## WHAT IS REQUIRED
Copy the lines of the data below exactly, starting at the first and stopping after the line that contains "主演:詹姆斯·麦卡沃伊 / 西尔莎·罗南 / 凯拉·奈特莉"; include no pictures.

## PROVIDED MATERIAL
◇ ◇ ◇

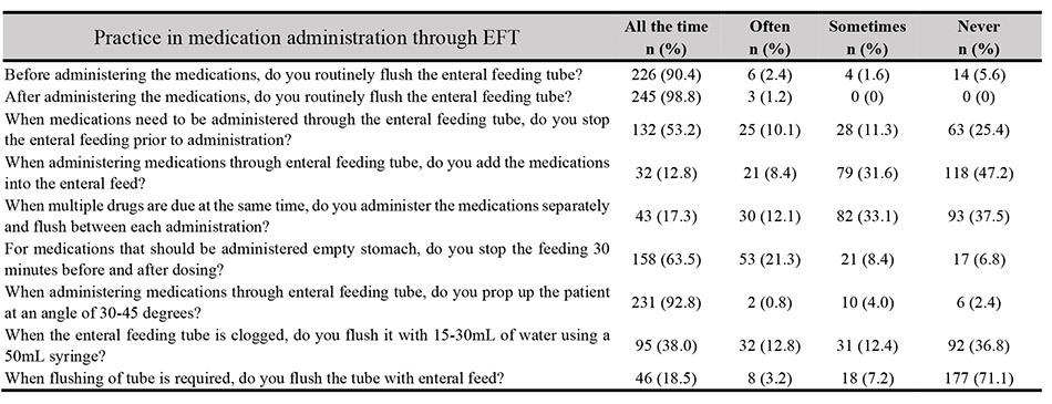 The data gathered pertaining to the practice of medication administration via EFT are shown in Table III. Most of the nurses claimed that they flush the EFT routinely before (90.4%) and after (98.8%) medication administration. The majority of nurses (92.8%) also claimed to prop up their patients all the time when administering medications to patients via EFT. However, only a small proportion of nurses (17.3%) responded that they, appropriately, administer different medications separately and flush between each administration all the time. Additionally, only half of the nurses (53.2%) would stop enteral feeding when it is time to administer medications via EFT.
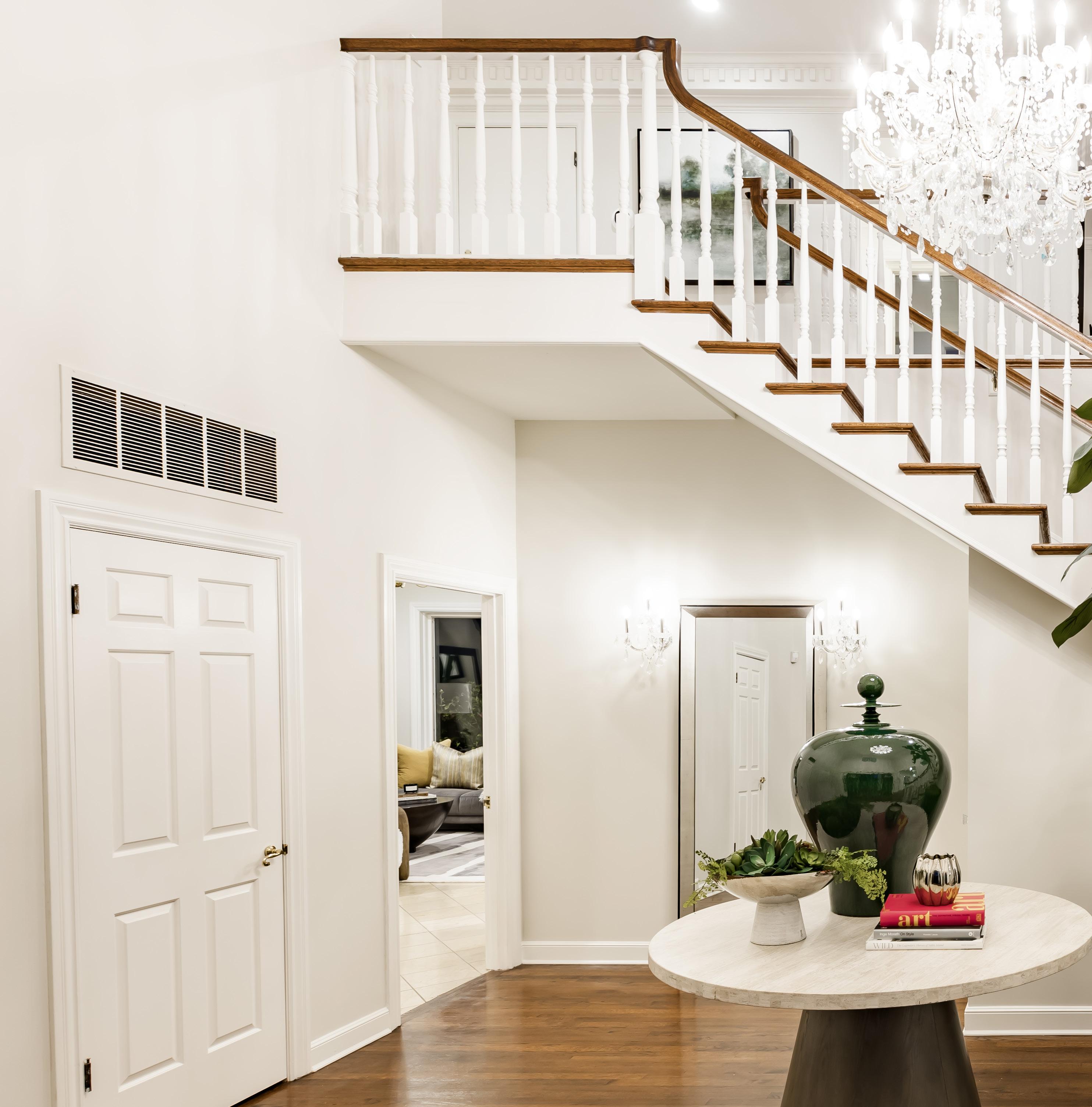 • Front door opens to grand foyer and staircase; soaring ceilings and tremendous natural light craft a bright, airy ambiance throughout
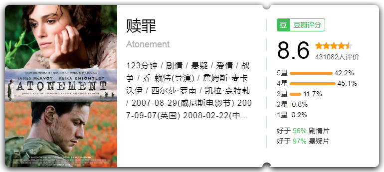 主演:詹姆斯·麦卡沃伊 / 西尔莎·罗南 / 凯拉·奈特莉
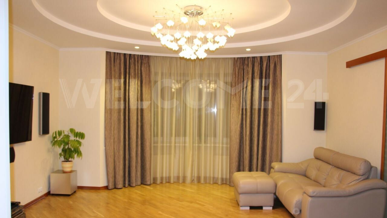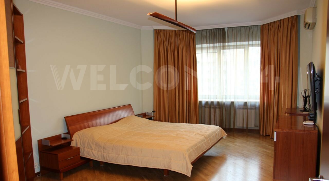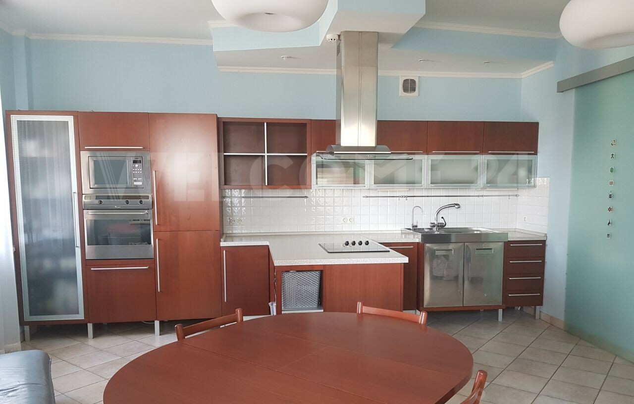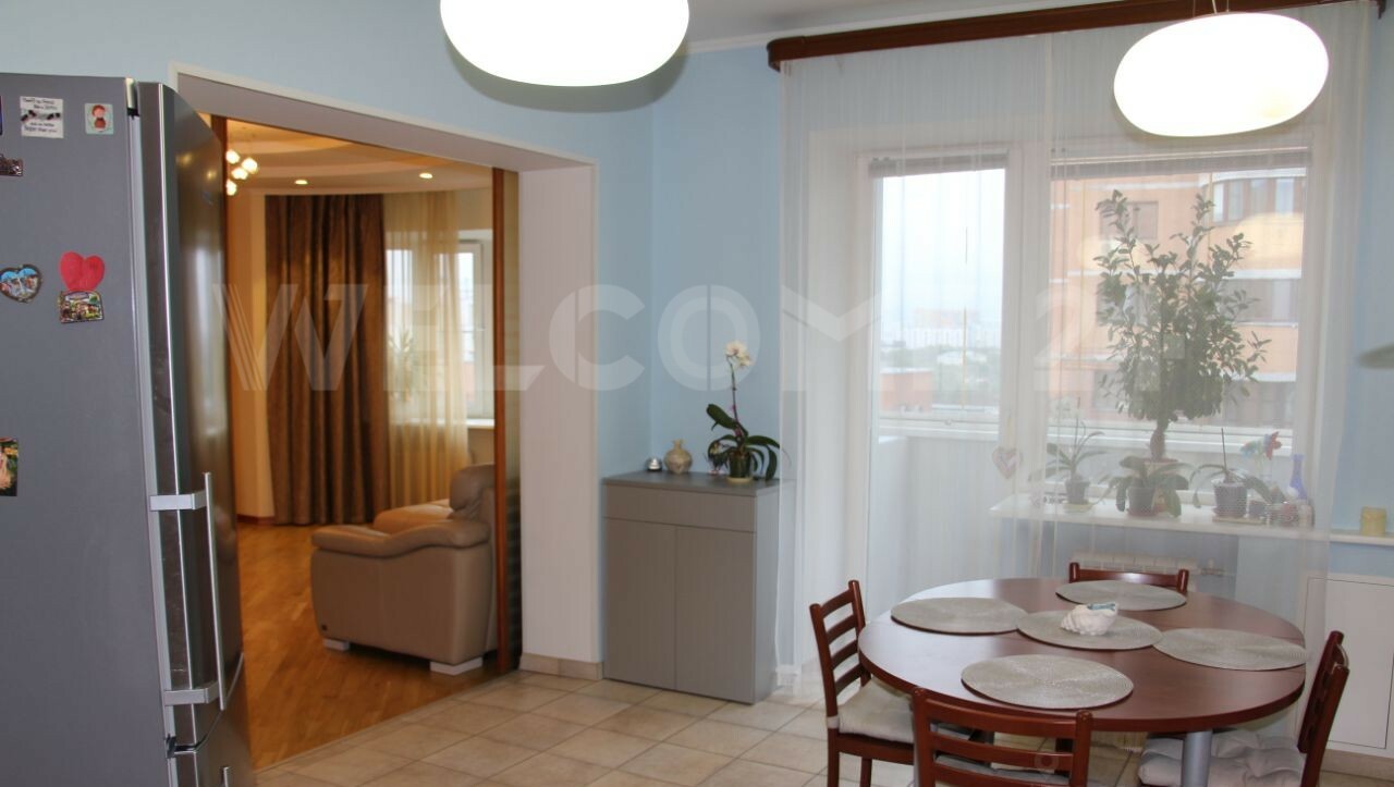 Квартира четырехкомнатная, площадью 172 кв. м. (без учета площади балкона и лоджии). Три раздельные спальни площадью 16 кв. м., 22 кв.м и 28 кв.м. гостиная 29 кв. м., два санузла (15 и 4 кв.м). В одной из спален открытый не застекленный балкон площадью 5,5 кв.м.) В большом санузле гидромассажная ванна и сауна. Большая Кухня (26 м2) с выходом на застекленную лоджию, площадью 4,5 кв. м. Квартира оснащена всей необходимой техникой - бойлер, посудомойка, стиральная машина, кондиционер. Вся встроенная мебель остается покупателю, остальное по согласованию.

◇ ◇ ◇

## ANSWER SPACE
 The data gathered pertaining to the practice of medication administration via EFT are shown in Table III. Most of the nurses claimed that they flush the EFT routinely before (90.4%) and after (98.8%) medication administration. The majority of nurses (92.8%) also claimed to prop up their patients all the time when administering medications to patients via EFT. However, only a small proportion of nurses (17.3%) responded that they, appropriately, administer different medications separately and flush between each administration all the time. Additionally, only half of the nurses (53.2%) would stop enteral feeding when it is time to administer medications via EFT.
 • Front door opens to grand foyer and staircase; soaring ceilings and tremendous natural light craft a bright, airy ambiance throughout
 主演:詹姆斯·麦卡沃伊 / 西尔莎·罗南 / 凯拉·奈特莉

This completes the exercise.